Likewise, plaintiff fails to state an equal protection claim because he has not alleged "that he was treated differently from other similarly situated individuals" or "that the defendant unequally applied a facially neutral ordinance for the purpose of discriminating against him." Leib v. Hillsborough Cty. Pub. Transp. Comm'n, 558 F.3d 1301, 1307 (11th Cir. 2009). As plaintiff acknowledges, the FOIA violation alleged in count one is "the suit's only essential cause of action." (Doc. 15, p. 4). Counts two and three of complaint, therefore, should be dismissed.
Accordingly, it is respectfully RECOMMENDED:
1. That defendant's Motion to Dismiss and/or Motion for More Definite Statement as to Counts Two and Three (doc. 12) be GRANTED, and counts two and three of the complaint be DISMISSED WITH PREJUDICE.
2. That this case be referred to the undersigned for further proceedings on count one of the complaint.

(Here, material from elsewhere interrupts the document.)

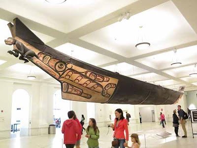 There is an entire large room full of totems, shields, baskets, clothing, jewelry, and a myriad of items made from cedar trees. It’s a stunning exhibit (and once again I apologize for being “stunned and amazed,” as my friend Jack Fulton says, but I just am, often).The star of the show is this enormous canoe. I couldn’t find any measurements, but I’d guess it to be 60′ long and at least 12′ wide — all made from a hollowed-out single tree. It’s thought to have been a Heiltsuk raiding canoe (see the Edward Curtis film, “Land of the War Canoes,” I posted earlier). Here are some other photos of this powerful art. (See Builders of the Pacific Coast, pp. 110-12, for the building, art and construction techniques of the First Nations peoples.)
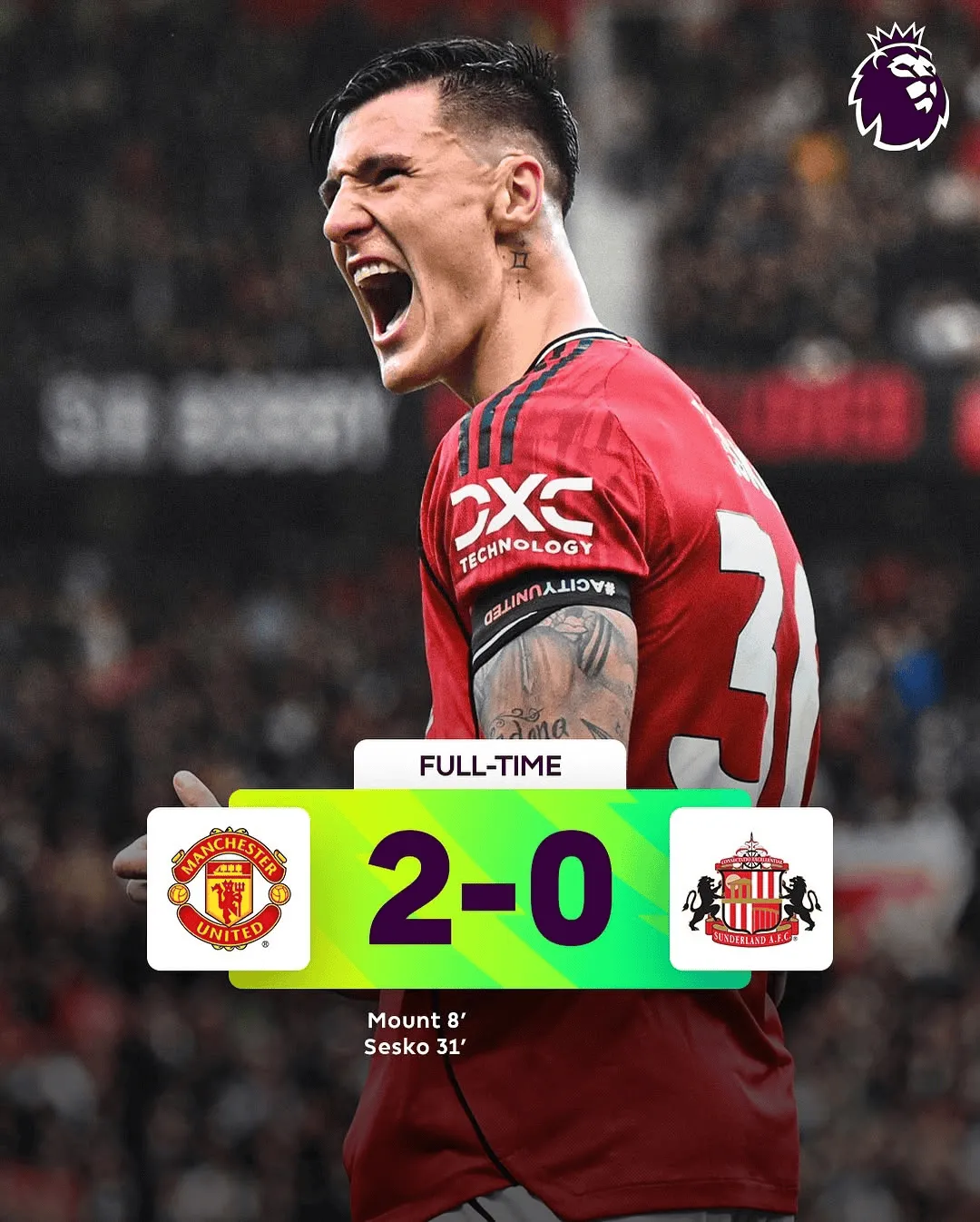 其他球队方面,桑德兰0-2不敌曼联,积分榜上降至第9的位置;曼联则上升至第10。

At Pensacola, Florida, this 6th day of November, 2018.
/s/ _________
CHARLES J. KAHN, JR.
UNITED STATES MAGISTRATE JUDGE
NOTICE TO THE PARTIES
Objections to these proposed findings and recommendations may be filed within 14 days after being served a copy thereof. Any different deadline that may appear on the electronic docket is for the court's internal use only and does not control. A copy of objections shall be served upon the Magistrate Judge and all other parties. A party failing to object to a Magistrate Judge's findings or recommendations contained in a report and recommendation in accordance with the provisions of 28 U.S.C. § 636(b)(1) waives the right to challenge on appeal the district court's order based on unobjected-to factual and legal conclusions. See 11th Cir. R. 3-1; 28 U.S.C. § 636.